Which is to say that the Oilers traded an established star for potentially a great defenseman.

“It’s a significant trade,” said Chiarelli.

But will it be seen as a fair trade?

“I don’t know. I can understand when you look at the accomplishments of Taylor vs. Adam in this league, I can understand that [it might not],” said Chiarelli.

Which is, of course, an understatement: This is the kind of trade the artificial intelligence on video games and fantasy hockey leagues would deny teams from making.

But Chiarelli believes in Larsson’s abilities to become a player that, eventually, tips this trade in favor of the Oilers – not in being a better player than Hall, per se, but by helping to build a blue line that isn’t close to playoff caliber right now.

“He’s not a sexy defenseman. He doesn’t deserve to be in the spotlight because he hasn’t done it yet,” said Chiarelli.

Hall has, which is obviously why the Devils felt they needed to deal their best young defenseman for him. It’s a team that desperately needs goals. It’s a franchise that desperately needed a star. Hall reunites with Adam Henrique, his junior teammate, and the Devils hope that’s a winning combination.

But winning isn’t something Hall has experienced in the NHL, and that’s an underlying facet of this: He wasn’t Chiarelli’s draft pick. He’s suffered through six seasons without a playoff appearance. The Oilers have talked for years about needing the break up the nucleus of a losing team and change its DNA. Connor McDavid was part of that. Trading Taylor Hall – and basically turning his cap space into Milan Lucic, as appears to be the plan – is part of it too.

“That may be a byproduct. It wasn’t the primary objective,” said Chiarelli.

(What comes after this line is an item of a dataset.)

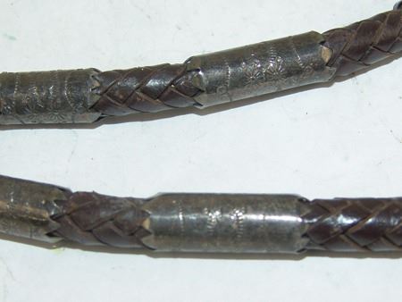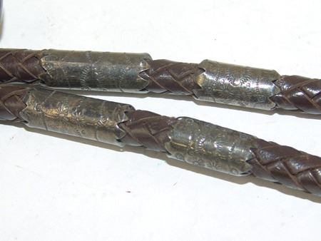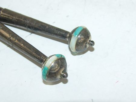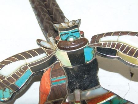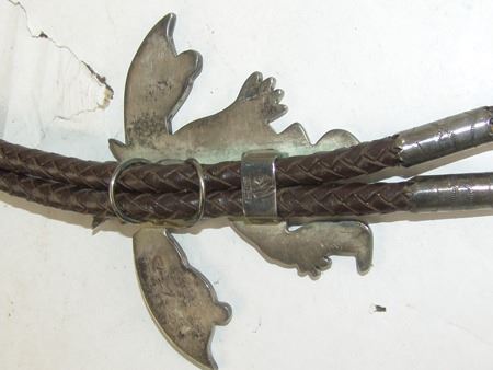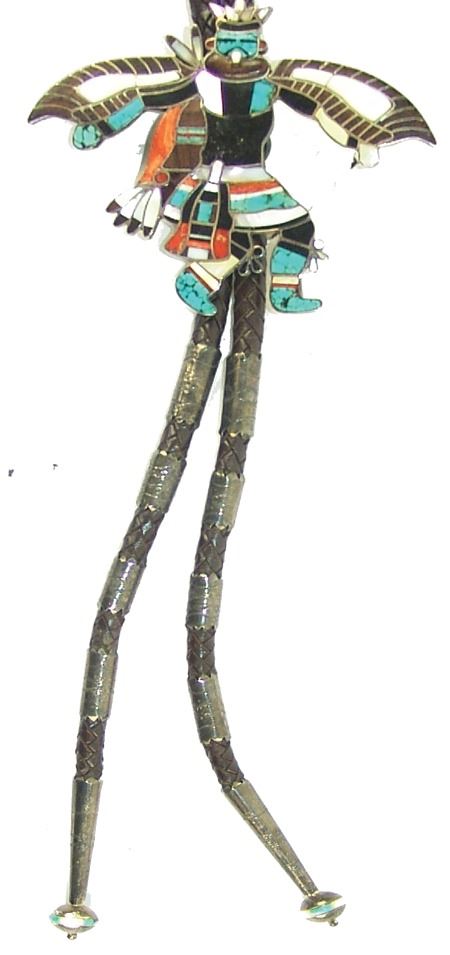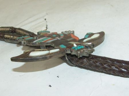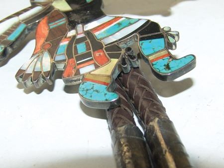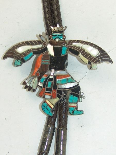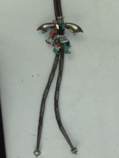 Ca. 1960s-1970s, Great vintage channel inlay silver bolo tie depicting an outstretched Eagle Dancer with barrel beads on the lower cord plus custom inlay tips. Very good condition. 42" long, 3" x 3-1/4"

Also a byproduct: Larsson is signed through 2021. It’s easy to say that Hall should have been flipped for Cam Fowler or Kevin Shattenkirk, until you realize the former could have bolted in two years and the latter after next season. The fact is that Edmonton isn’t, at this point, a place where players desire to stay.

Well, save for Taylor Hall.

“Yeah, it’s disappointing. You develop a relationship with the city, the team and the fans. Disappointed I’m not going to see that through,” he said.

But disappointment can be channeled into a different energy.

New Jersey, after all, is a state with a perpetual chip on its shoulder. And as Taylor Hall goes to the land of Taylor Ham (sorry, Pork Roll acolytes), so does he.

“I’m a proud person. I take this as an indictment on me as a hockey player. I think it’s safe to say I’m a very motivated player now.”